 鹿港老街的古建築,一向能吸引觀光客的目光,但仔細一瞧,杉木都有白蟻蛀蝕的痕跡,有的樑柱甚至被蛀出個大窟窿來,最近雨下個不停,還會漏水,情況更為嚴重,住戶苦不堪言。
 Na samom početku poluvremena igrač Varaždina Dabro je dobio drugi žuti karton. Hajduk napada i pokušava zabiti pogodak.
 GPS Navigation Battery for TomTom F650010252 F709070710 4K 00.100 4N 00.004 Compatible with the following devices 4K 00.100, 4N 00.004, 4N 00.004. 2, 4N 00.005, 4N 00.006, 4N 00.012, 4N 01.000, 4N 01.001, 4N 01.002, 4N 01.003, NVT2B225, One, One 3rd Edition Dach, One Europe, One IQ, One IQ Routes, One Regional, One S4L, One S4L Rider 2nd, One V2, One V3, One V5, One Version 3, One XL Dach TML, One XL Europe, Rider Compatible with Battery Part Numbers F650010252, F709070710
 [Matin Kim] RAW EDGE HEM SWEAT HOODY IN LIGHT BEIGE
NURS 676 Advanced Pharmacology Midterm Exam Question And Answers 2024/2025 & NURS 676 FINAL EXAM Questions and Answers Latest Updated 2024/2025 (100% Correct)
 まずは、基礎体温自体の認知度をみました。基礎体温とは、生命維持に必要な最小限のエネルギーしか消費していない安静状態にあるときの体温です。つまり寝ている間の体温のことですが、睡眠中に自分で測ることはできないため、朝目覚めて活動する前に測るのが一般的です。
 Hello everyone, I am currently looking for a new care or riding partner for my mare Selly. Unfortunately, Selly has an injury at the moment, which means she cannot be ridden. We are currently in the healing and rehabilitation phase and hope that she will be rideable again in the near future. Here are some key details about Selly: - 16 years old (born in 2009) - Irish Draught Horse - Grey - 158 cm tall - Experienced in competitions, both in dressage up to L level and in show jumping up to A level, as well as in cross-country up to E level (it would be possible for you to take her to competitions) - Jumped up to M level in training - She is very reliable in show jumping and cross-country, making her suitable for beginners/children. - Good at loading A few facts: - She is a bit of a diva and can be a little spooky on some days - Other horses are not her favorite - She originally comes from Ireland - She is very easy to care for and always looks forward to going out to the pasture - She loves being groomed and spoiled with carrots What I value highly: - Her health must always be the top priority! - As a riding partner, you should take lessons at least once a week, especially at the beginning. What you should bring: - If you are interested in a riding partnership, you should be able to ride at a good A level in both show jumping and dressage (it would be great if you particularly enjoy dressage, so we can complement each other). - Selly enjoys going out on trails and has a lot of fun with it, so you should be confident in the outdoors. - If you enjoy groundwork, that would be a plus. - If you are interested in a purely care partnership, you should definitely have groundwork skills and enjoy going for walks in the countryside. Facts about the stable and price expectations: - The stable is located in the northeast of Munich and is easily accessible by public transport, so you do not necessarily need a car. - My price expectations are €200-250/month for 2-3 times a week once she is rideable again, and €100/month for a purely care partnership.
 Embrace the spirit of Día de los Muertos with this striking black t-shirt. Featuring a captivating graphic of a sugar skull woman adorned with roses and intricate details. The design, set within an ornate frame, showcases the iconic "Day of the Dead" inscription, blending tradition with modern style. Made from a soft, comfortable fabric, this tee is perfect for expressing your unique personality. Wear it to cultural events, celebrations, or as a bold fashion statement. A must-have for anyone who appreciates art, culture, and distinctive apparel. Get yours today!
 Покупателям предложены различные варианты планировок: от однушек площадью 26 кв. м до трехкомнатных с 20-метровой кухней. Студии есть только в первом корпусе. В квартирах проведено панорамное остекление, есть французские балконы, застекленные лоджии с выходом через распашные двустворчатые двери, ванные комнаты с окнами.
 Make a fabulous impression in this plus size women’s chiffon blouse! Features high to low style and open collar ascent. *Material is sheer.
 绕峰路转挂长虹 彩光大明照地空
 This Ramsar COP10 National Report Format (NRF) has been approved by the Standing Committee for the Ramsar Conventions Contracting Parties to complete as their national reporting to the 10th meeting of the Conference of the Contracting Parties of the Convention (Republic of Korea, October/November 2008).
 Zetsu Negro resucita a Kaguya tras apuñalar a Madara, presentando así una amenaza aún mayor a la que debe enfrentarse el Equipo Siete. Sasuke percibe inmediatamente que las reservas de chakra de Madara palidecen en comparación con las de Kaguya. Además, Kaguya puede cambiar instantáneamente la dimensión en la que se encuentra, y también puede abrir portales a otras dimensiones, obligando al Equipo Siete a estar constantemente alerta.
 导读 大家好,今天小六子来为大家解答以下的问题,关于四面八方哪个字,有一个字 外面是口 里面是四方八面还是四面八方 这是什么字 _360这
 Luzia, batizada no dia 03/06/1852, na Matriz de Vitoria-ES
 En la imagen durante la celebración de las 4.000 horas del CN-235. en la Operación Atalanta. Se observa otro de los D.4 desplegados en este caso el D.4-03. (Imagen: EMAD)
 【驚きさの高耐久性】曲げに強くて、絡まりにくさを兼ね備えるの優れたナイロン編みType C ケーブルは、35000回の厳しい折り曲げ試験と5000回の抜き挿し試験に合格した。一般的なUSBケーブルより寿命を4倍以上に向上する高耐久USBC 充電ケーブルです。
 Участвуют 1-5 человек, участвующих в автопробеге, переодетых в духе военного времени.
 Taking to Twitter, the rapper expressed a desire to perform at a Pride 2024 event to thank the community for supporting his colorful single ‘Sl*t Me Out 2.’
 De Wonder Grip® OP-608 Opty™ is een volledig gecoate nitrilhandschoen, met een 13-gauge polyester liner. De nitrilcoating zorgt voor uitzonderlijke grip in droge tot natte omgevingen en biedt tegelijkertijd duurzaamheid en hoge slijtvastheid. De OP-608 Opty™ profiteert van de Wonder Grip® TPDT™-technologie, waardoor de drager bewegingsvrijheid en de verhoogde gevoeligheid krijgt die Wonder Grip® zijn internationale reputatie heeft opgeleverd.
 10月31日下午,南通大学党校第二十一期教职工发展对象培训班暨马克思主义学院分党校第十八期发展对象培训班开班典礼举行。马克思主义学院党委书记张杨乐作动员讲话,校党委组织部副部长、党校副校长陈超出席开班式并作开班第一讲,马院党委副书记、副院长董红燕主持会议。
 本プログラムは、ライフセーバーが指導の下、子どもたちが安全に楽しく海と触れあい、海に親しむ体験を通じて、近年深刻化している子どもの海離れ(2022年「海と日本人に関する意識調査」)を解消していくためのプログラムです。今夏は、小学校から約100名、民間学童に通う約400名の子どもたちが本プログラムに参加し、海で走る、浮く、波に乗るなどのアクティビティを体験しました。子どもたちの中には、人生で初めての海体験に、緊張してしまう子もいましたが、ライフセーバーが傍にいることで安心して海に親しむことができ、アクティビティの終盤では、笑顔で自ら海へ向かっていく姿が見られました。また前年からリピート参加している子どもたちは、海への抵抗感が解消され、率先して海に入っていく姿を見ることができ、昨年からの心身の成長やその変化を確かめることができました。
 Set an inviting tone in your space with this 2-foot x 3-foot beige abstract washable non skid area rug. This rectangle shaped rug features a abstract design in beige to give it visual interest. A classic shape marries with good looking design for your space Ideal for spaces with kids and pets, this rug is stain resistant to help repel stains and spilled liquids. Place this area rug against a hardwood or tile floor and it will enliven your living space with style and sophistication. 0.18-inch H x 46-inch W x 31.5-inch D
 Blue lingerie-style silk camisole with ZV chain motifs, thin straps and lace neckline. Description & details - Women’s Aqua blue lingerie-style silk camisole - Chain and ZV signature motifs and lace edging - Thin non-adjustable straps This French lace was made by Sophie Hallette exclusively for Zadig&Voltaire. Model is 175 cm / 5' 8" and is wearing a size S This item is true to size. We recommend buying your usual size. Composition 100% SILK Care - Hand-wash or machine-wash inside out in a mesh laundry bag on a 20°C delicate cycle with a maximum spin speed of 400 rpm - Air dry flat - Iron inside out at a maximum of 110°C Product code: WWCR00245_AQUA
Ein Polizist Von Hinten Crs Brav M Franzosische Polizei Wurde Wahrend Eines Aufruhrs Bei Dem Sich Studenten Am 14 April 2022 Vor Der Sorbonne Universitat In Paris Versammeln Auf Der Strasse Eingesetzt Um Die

**Task to carry out**
Out of the data above, give again only the lines starting at the one holding "绕峰路转挂长虹 彩光大明照地空" and ending at the one holding "Участвуют 1-5 человек, участвующих", unchanged.

**Task output**
 绕峰路转挂长虹 彩光大明照地空
 This Ramsar COP10 National Report Format (NRF) has been approved by the Standing Committee for the Ramsar Conventions Contracting Parties to complete as their national reporting to the 10th meeting of the Conference of the Contracting Parties of the Convention (Republic of Korea, October/November 2008).
 Zetsu Negro resucita a Kaguya tras apuñalar a Madara, presentando así una amenaza aún mayor a la que debe enfrentarse el Equipo Siete. Sasuke percibe inmediatamente que las reservas de chakra de Madara palidecen en comparación con las de Kaguya. Además, Kaguya puede cambiar instantáneamente la dimensión en la que se encuentra, y también puede abrir portales a otras dimensiones, obligando al Equipo Siete a estar constantemente alerta.
 导读 大家好,今天小六子来为大家解答以下的问题,关于四面八方哪个字,有一个字 外面是口 里面是四方八面还是四面八方 这是什么字 _360这
 Luzia, batizada no dia 03/06/1852, na Matriz de Vitoria-ES
 En la imagen durante la celebración de las 4.000 horas del CN-235. en la Operación Atalanta. Se observa otro de los D.4 desplegados en este caso el D.4-03. (Imagen: EMAD)
 【驚きさの高耐久性】曲げに強くて、絡まりにくさを兼ね備えるの優れたナイロン編みType C ケーブルは、35000回の厳しい折り曲げ試験と5000回の抜き挿し試験に合格した。一般的なUSBケーブルより寿命を4倍以上に向上する高耐久USBC 充電ケーブルです。
 Участвуют 1-5 человек, участвующих в автопробеге, переодетых в духе военного времени.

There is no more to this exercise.